This draft specification states that once pre-rotation is enabled (via DID log entry parameter), it MUST apply to all of the keys in the DIDDoc. However, we’re not sure if that is needed, or if the pre-rotation should only apply to keys that are authorized to update the DID.

Key management is hard enough without having to maintain isolated key generation environments for creating keys for different purposes. Enabling connectivity between the key generation environments to enable automated key rotation while maintaining the key recovery environment as “isolated” is technically challenging.

§ Moving a DID

As noted in the did:tdw DID Method Parameters section of this specification, a did:tdw DID can be “moved” by changing the DID string to one that resolves to a different HTTPS URL, as long as:

• the SCID stays the same in the new DID,
• the DIDDoc is updated at the same time to have the new DID as the top-level id, and
• the DIDDoc is updated at the same time to have the old DID string(s) as alsoKnownAs entries.

In moving the DID, the versionId of the DID continues to increment.

While the feature does “bend” the rules for DIDs, we think there is significant value in supporting the specified functionality. These are the uses cases that we considered in adding the functionality.

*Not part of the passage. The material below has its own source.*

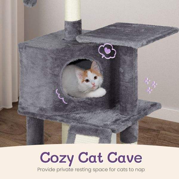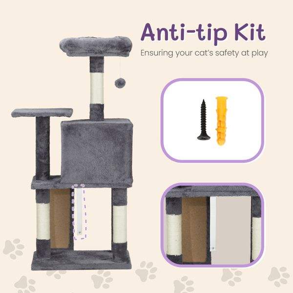 Torre para Gatos de 47 Pulgadas, Acogedora, para Gatos de Interior, con Cama Acolchada, Plataforma, Juguete, Bola y Rascador

§ Mergers, Acquisitions and Name Changes

Organizations change over time and such changes often involve names changes. Name changes in turn trigger domain name changes, as organizations match their Web location with their names. Mergers, acquisitions, and simple name changes, all can cause an organization’s “known” domain name to change, including the relinquishment of control over their previous domain name. When such changes occur, it is very unlikely that just because the organization’s DIDs use the old domain name will prevent the changes. Thus the DIDs need to “adapt” to the new domain – the domain name portion of the DID has to change. Ideally, the old location and domain can be retained and a web redirect used to resolve the old DID to the new, but even if that cannot be done, the ability to use the same SCID and retain the full history can be preserved.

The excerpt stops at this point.